• Material for this exercise
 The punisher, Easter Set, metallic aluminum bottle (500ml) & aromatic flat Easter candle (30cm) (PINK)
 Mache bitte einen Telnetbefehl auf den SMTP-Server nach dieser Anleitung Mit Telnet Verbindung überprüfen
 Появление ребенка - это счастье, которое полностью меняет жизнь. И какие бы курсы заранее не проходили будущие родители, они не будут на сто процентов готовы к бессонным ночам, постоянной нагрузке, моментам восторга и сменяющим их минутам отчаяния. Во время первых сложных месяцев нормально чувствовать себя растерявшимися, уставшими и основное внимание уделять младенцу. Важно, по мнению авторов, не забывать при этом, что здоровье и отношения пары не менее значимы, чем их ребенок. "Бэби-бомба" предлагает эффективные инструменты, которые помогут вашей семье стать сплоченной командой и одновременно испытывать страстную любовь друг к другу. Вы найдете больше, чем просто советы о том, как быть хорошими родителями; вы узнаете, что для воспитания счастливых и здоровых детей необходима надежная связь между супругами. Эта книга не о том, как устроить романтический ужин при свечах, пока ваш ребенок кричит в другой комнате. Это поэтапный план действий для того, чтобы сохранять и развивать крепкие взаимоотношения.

...

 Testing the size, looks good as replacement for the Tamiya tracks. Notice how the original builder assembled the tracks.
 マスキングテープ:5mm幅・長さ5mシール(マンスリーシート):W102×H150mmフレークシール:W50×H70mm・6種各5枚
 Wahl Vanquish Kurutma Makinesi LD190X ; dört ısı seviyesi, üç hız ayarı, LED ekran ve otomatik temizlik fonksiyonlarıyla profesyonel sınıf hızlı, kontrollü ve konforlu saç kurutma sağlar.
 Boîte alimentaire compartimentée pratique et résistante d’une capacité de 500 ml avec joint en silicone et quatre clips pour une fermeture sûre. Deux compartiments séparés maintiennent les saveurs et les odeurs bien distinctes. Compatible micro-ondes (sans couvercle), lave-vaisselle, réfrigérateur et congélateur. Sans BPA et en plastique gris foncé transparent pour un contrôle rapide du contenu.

• Work item
Retype only the lines above between the line with "The punisher, Easter" and the line with "Mache bitte einen", counting those two lines as well, and keep every character as it is.

• Result
 The punisher, Easter Set, metallic aluminum bottle (500ml) & aromatic flat Easter candle (30cm) (PINK)
 Mache bitte einen Telnetbefehl auf den SMTP-Server nach dieser Anleitung Mit Telnet Verbindung überprüfen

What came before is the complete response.